## Problem details
For the data that follows, return each line unchanged and drop the pictures.
[[ Data excerpt, beginning ]]
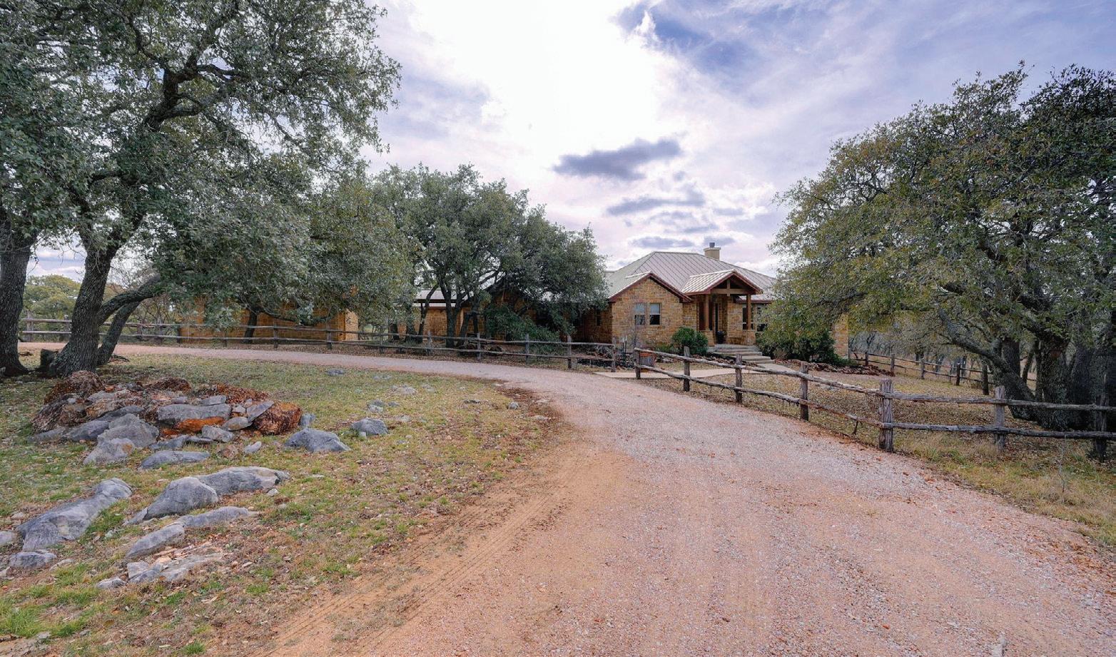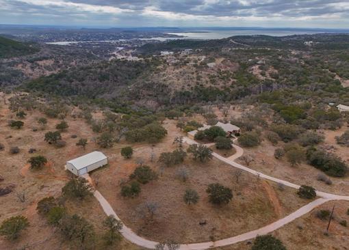 Introducing a rare Hill Country retreat within Wolf Creek Ranch--a private, gated ranch community located approximately one hour west of Austin, with sweeping views of Adams Bluff and Lake Buchanan. This remarkable property offers the privacy of just over 23 acres, combined with access to over 1,300 acres of preserved ranch land. The main residence spans 3,343 sf and showcases soaring ceilings, exposed wood beams, stained concrete floors, and a striking stone fireplace that anchors the primary living space. Large windows and French doors fill the home with natural light and open to a covered outdoor living space, creating a seamless connection to the surrounding landscape. The open and functional floor plan is designed for both everyday living and entertaining. Oversized kitchen with a built-in breakfast nook, a formal dining room, a dedicated office, a private guest wing, and a spacious primary suite positioned to capture southwestern views across the property. Outdoor features include gently rolling acreage, mature oaks, free-roaming livestock, and a large garage with workshop space, double roll-up doors for easy RV or boat parking, and a heated and cooled flex area.
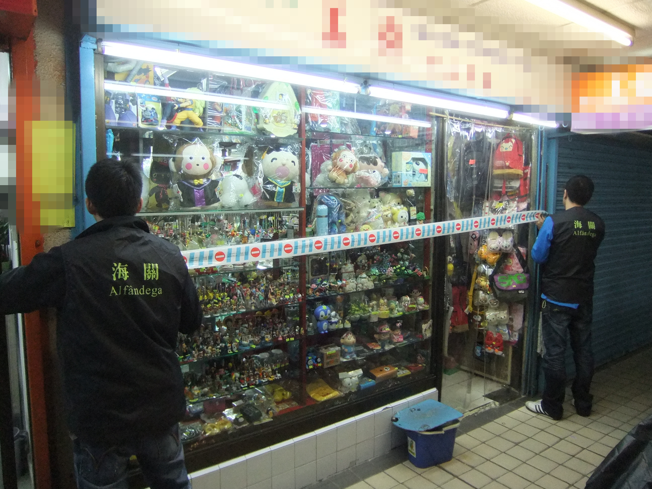 於本月二十四日,海關偵查人員對目標店舖採取稽查行動,行動中共緝獲偽冒物品二百零九件。包括「HELLO KITTY」、「MY MELODY」、「LITTLE TWINSTARS」、「POCHACCO」、「KEROKEROKEROPPI」、「BAD BADTZ-MARU」及「CINNAMOROLL」等多個卡通人物品牌,當中有室內電話、電話保護套、手錶、飾物、毛公仔及文具等等,物品估值約八千澳門元。
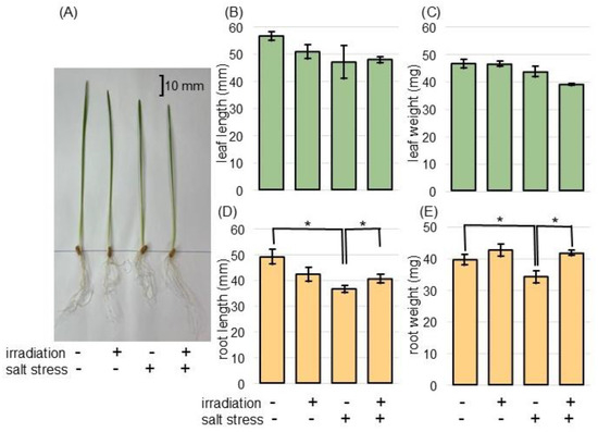 Morphological effects on MMW-irradiated wheat treated with salt stress. Wheat seeds were irradiated with or without MMW and sown. For nontreated groups, wheat seedlings were collected 5 days after sowing (Figure S1). For the salt-stress groups, 3-day-old wheat plants were subjected to salt stress for 2 days and collected (A). As seedling collection, leaf (green column) and root (orange column) were collected. As morphological parameters, leaf length (B), leaf-fresh weight (C), main-root length (D), and total-root fresh weight (E) were measured. The bar in the picture indicates 10 mm. Data are shown as the mean ± SD from 3 independent biological replicates (Figure S2), with 10 plants per each replicate. Asterisks indicate significant changes between the 2 groups using Student’s t-test (* p < 0.05).
[[ Data excerpt, end ]]
## Output of the task
 Introducing a rare Hill Country retreat within Wolf Creek Ranch--a private, gated ranch community located approximately one hour west of Austin, with sweeping views of Adams Bluff and Lake Buchanan. This remarkable property offers the privacy of just over 23 acres, combined with access to over 1,300 acres of preserved ranch land. The main residence spans 3,343 sf and showcases soaring ceilings, exposed wood beams, stained concrete floors, and a striking stone fireplace that anchors the primary living space. Large windows and French doors fill the home with natural light and open to a covered outdoor living space, creating a seamless connection to the surrounding landscape. The open and functional floor plan is designed for both everyday living and entertaining. Oversized kitchen with a built-in breakfast nook, a formal dining room, a dedicated office, a private guest wing, and a spacious primary suite positioned to capture southwestern views across the property. Outdoor features include gently rolling acreage, mature oaks, free-roaming livestock, and a large garage with workshop space, double roll-up doors for easy RV or boat parking, and a heated and cooled flex area.
 於本月二十四日,海關偵查人員對目標店舖採取稽查行動,行動中共緝獲偽冒物品二百零九件。包括「HELLO KITTY」、「MY MELODY」、「LITTLE TWINSTARS」、「POCHACCO」、「KEROKEROKEROPPI」、「BAD BADTZ-MARU」及「CINNAMOROLL」等多個卡通人物品牌,當中有室內電話、電話保護套、手錶、飾物、毛公仔及文具等等,物品估值約八千澳門元。
 Morphological effects on MMW-irradiated wheat treated with salt stress. Wheat seeds were irradiated with or without MMW and sown. For nontreated groups, wheat seedlings were collected 5 days after sowing (Figure S1). For the salt-stress groups, 3-day-old wheat plants were subjected to salt stress for 2 days and collected (A). As seedling collection, leaf (green column) and root (orange column) were collected. As morphological parameters, leaf length (B), leaf-fresh weight (C), main-root length (D), and total-root fresh weight (E) were measured. The bar in the picture indicates 10 mm. Data are shown as the mean ± SD from 3 independent biological replicates (Figure S2), with 10 plants per each replicate. Asterisks indicate significant changes between the 2 groups using Student’s t-test (* p < 0.05).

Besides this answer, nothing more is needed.